When Epstein was found dead in his prison cell in Manhattan in August 2019, supposedly having hanged himself while prison guards failed to check on him for hours, it was not just Donald Trump who could breathe a sigh of relief. There were hundreds of powerful figures in the US ruling class who felt the same way. There was a universal desire to cover up both Epstein’s sordid enterprise and the circumstances of his death. 

This sentiment found expression in the pages of the New York Times. The leading US newspaper assiduously promoted uncorroborated and generally baseless charges of sexual abuse in the #MeToo campaign, which became a means of witch-hunting actors, musicians and other cultural figures. But in the case of Epstein, the Times now denounced “conspiracy theories” about his murder and showed no interest in tracing his clientele in the ruling class.

The World Socialist Web Site has long maintained that the Epstein case exposed the blatant corruption of the US financial oligarchy and its political servants. We wrote after Epstein’s death:

There is a social logic to the circling of the wagons in the Epstein case. The US financial oligarchy feels itself under siege. It senses the tremendous hostility that exists within the population. If millions suspect that Epstein was murdered, it is because they know instinctively that the US ruling elite is fully capable of such a crime. It is not the peculiar properties of the internet and social media that account for such suspicions, but the entirely justified sentiments among millions of working people, who see the criminal character of the class that controls all wealth and power in America... 

Every great revolution in history has been preceded by similar scandals, in which the criminal and reactionary character of the old ruling class reveals itself, and that class is exposed for what it is: a cancer on the body politic.

Six years later, the “cancer on the body politic” has produced the second Trump administration, which is seeking to establish a presidential dictatorship while waging war on every social right of the working class. Meanwhile, not 1 percent of the facts about the depraved criminal enterprise that is the Epstein scandal has yet come out. Workers have every right to demand that all the files in the Epstein case should be made public, with only the names of the victims protected, not the names of the perpetrators and accomplices.

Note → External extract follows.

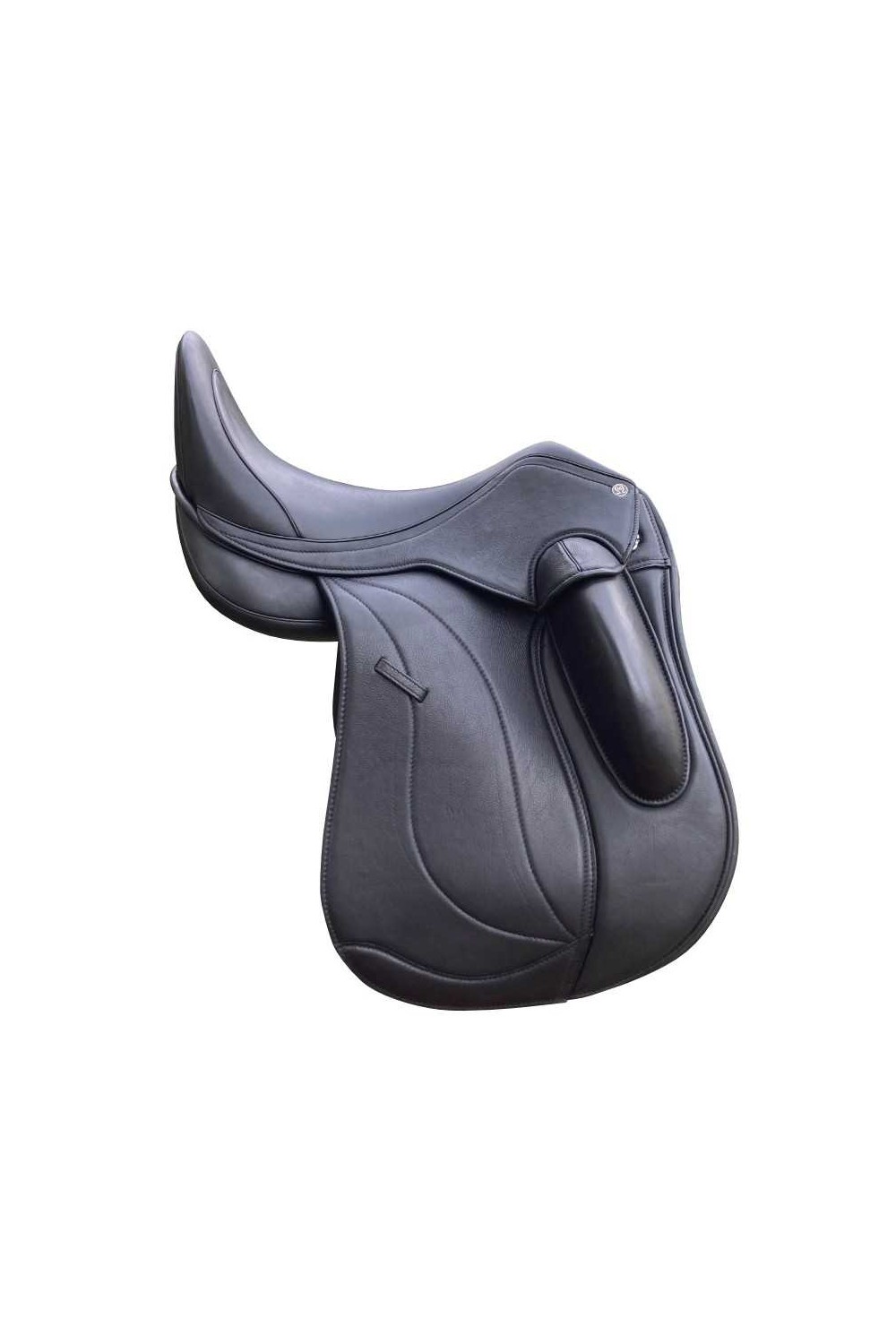 Silla de montar de doma de asiento profundo realizada en cuero doble vacuno de gran calidad. Con 5 medidas de puentes intercambiables (1 incorporado a la silla), para adaptarla a la cruz de tu caballo.

Particular attention should be given to the reports that Epstein had connections to the intelligence agencies of the United States or Israel, or both, and that information he gathered from his sex-trafficking operation was used for the purposes of blackmail in the interest of these agencies.

It is most important to recognize the connection between the rekindling of the Epstein scandal and the deeper crisis of American and world capitalism. The working class must intervene independently against the gangsterism of the Trump administration and go on the political offensive against the capitalist system, the financial oligarchy and all its political agents.